Recorded data>

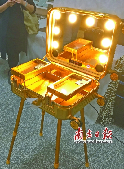 在厚街的亚臣泰箱包制品科技有限公司(以下简称“亚臣泰公司”),专业生产化妆箱包,他们的产品是自主品牌,但是在国内外畅销,不仅受到迪拜土豪们的欢迎,国内外一线明星也以拥有一款他们的化妆箱为荣。这款受到明星追捧的化妆箱将首次亮相加博会。
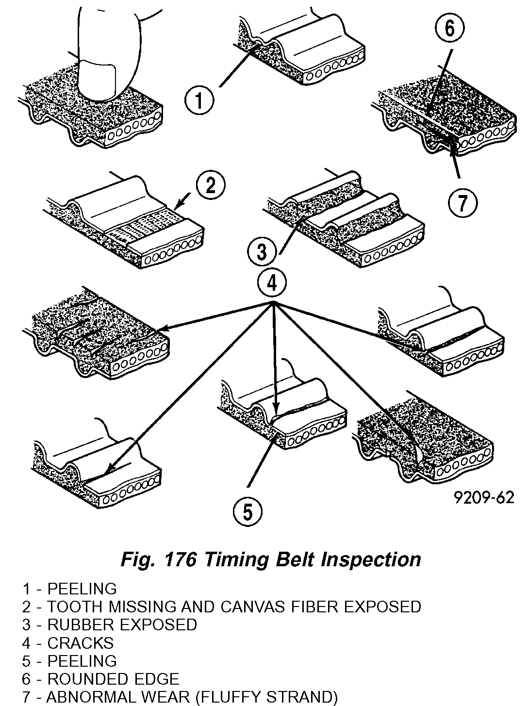 2) Inspect both sides of the timing belt. Replace belt if any of the following conditions exist (Fig. 176):
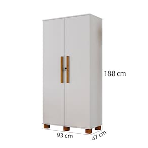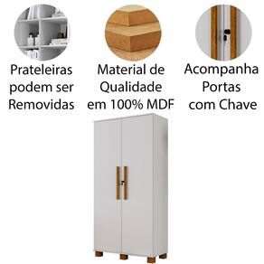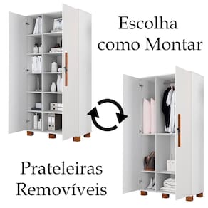 Este armário multiuso foi desenvolvido para oferecer o máximo de funcionalidade e elegância em um único móvel. Produzido em 100% MDF, garante resistência, durabilidade e excelente acabamento com pintura UV, proporcionando um visual sofisticado que se adapta a diferentes estilos de ambiente. Suas duas portas com dobradiças metálicas e chave garantem segurança e fácil acesso aos compartimentos internos, tornando-o ideal para guardar roupas, calçados, utensílios ou documentos. Com 10 prateleiras bem distribuídas, sendo três delas removíveis, o móvel permite ajustar o espaço interno conforme a necessidade, acomodando objetos de tamanhos variados de forma prática e organizada. O cabideiro em alumínio amplia as possibilidades de uso, permitindo pendurar roupas e manter tudo sempre no lugar. Os puxadores em MDF e os pés em madeira natural reforçam o design elegante e o cuidado nos detalhes, proporcionando estabilidade e um toque decorativo que valoriza o ambiente. Com altura de 188 cm, este armário é perfeito para quem busca aproveitar bem o espaço vertical sem abrir mão da estética e da funcionalidade.
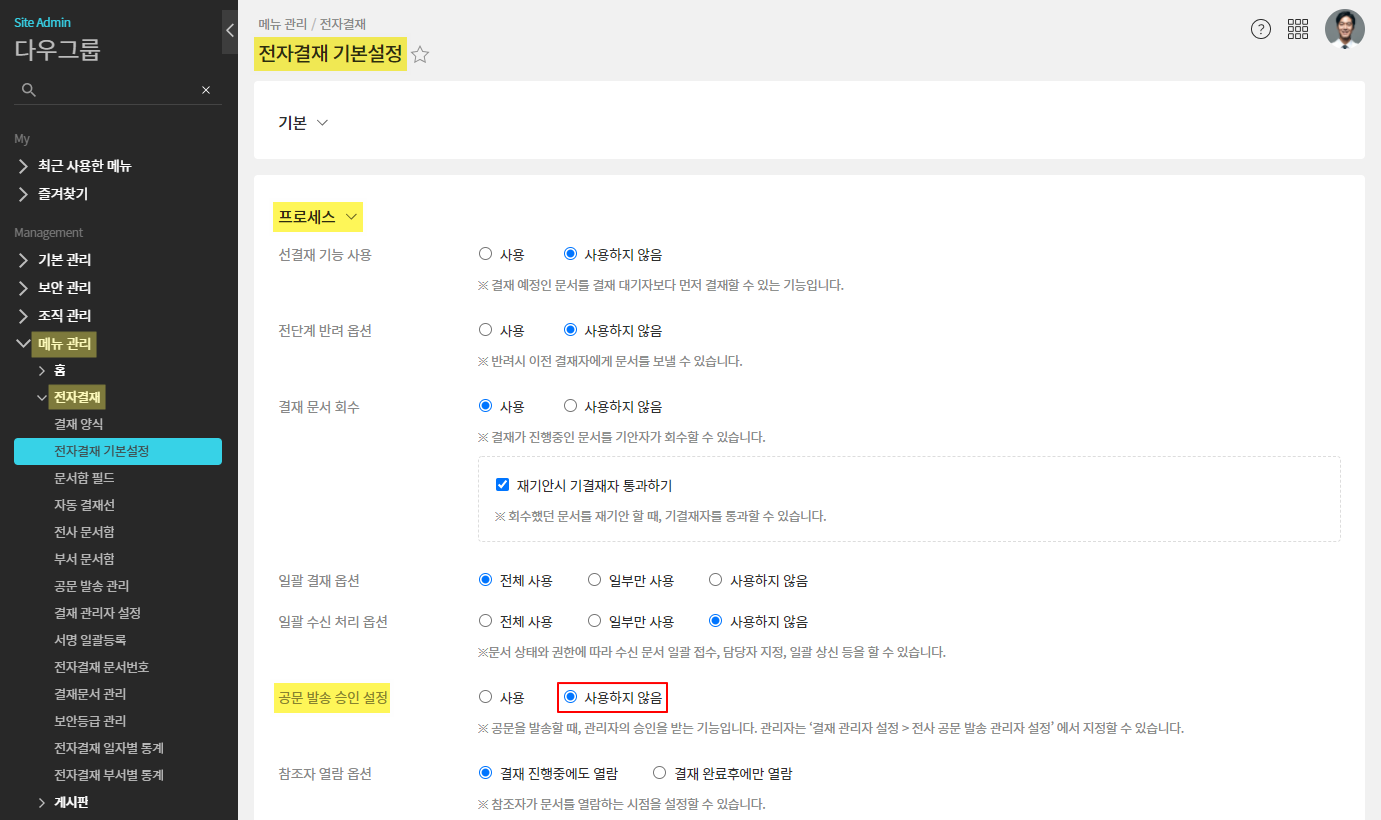 관리자 권한으로 공문 발송 승인 설정을 해제할 수 있습니다.

Exercise goal>
Leave out the pictures and repeat the lines from the start of the material through the line with "2) Inspect both", inclusive.

Result below>
 在厚街的亚臣泰箱包制品科技有限公司(以下简称“亚臣泰公司”),专业生产化妆箱包,他们的产品是自主品牌,但是在国内外畅销,不仅受到迪拜土豪们的欢迎,国内外一线明星也以拥有一款他们的化妆箱为荣。这款受到明星追捧的化妆箱将首次亮相加博会。
 2) Inspect both sides of the timing belt. Replace belt if any of the following conditions exist (Fig. 176):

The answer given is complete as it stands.